Ole Miss coach Lane Kiffin has certainly experienced his fair share of ups and downs during his two decade coaching career.
The moment that likely left him at rock bottom was being fired at USC, his dream job, after losing to Arizona State.
“I wasn’t left on the tarmac,” Kiffin said on the Pat McAfee Show on Thursday. “We landed, and then the AD, in an airport side room, met with me.

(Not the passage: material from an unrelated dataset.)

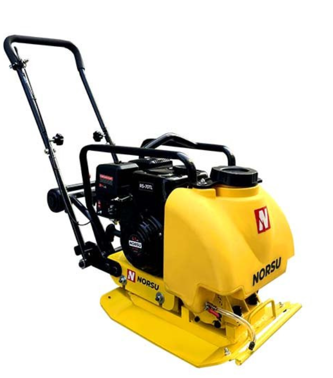 Виброплита NORSU RF-70TL применяется для работ по уплотнению различных грунтов глубиной до 200 мм. Плита оснащена бензиновым двигателем Loncin H200F мощностью 5,4 л.с. Емкость топливного бака 2,5 л, расход топлива 0,906 л. Центробежная сила 10,5 кН. Применение плиты при укладке тротуарной плитки возможно при использовании полиуретанового коврика (приобретается отдельно). Габариты подошвы 520×370 мм. Колеса облегчают транспортировку оборудования. Плит оснащена баком для воды. Вес оборудования 70 кг.

I was actually on the bus going back to the facility at USC, and he called me in at like 3 a.m. at the private airport there, and that’s where he told me.”
During his documentary, ‘Many Lives of Kiffin’, he talked about having his dream job come in following Pete Carroll’s exit to Seattle.

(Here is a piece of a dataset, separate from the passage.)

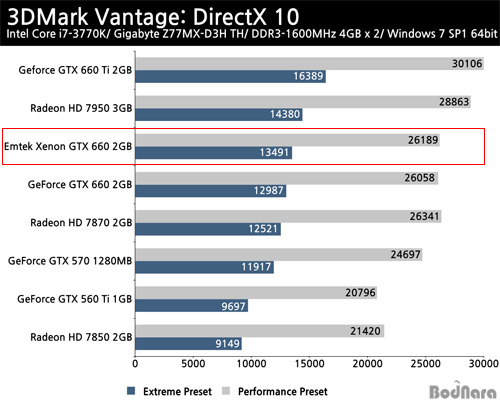 Á¦³í GTX 660 Æ®À©ÄðÀÇ ¼º´ÉÀº ¾î´À Á¤µµ ¼öÁØÀÎÁö È®ÀÎÇØº¸±â À§ÇØ ´ÙÀÌ·ºÆ®X 10 ȯ°æ ±â¹Ý º¥Ä¡¸¶Å© ÇÁ·Î±×·¥ÀÎ 3DMark Vantage·Î Å×½ºÆ®¸¦ ½Ç½ÃÇØº¸¾Ò´Ù.

Little did he know that by leaving Tennessee in the middle of the night would lead to such struggles as the Trojans’ were dealt harsh NCAA penalties from the Reggie Bush era.

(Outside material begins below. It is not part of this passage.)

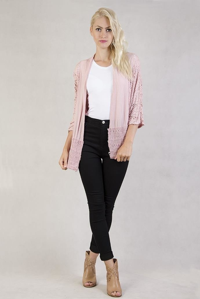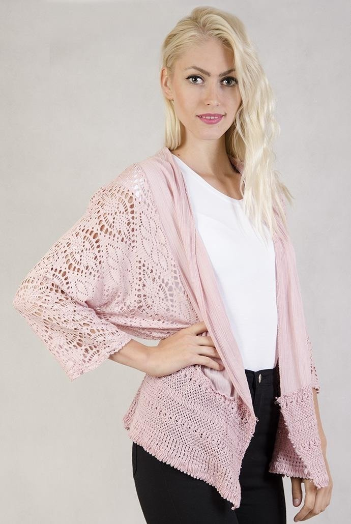 Koronkowa narzutka z szerokim plecionym pasem na dole różowa

Kiffin inherited a program that received a two-year bowl ban along with 30 scholarships taken away due to impermissible benefits that the Bush family received.
Despite restrictions, USC won 18 games over Kiffin’s two years and went into the 2012 ranked as the preseason No. 1 team before falling out of the top 25 by October.
While Kiffin’s up-and-down head coaching career led to troubling times in his personal life, he was able to rebound just months later when Nick Saban hired him as offensive coordinator at Alabama.
The move to work under Saban for three seasons helped rehabilitate Kiffin’s image and career, leading to a gig at Florida Atlantic where he won two conference titles in three seasons.
Now at Ole Miss, time has healed wounds as he makes a name for himself in a town that has allowed him to reflect on what really matters in life: being a father and leader of young men.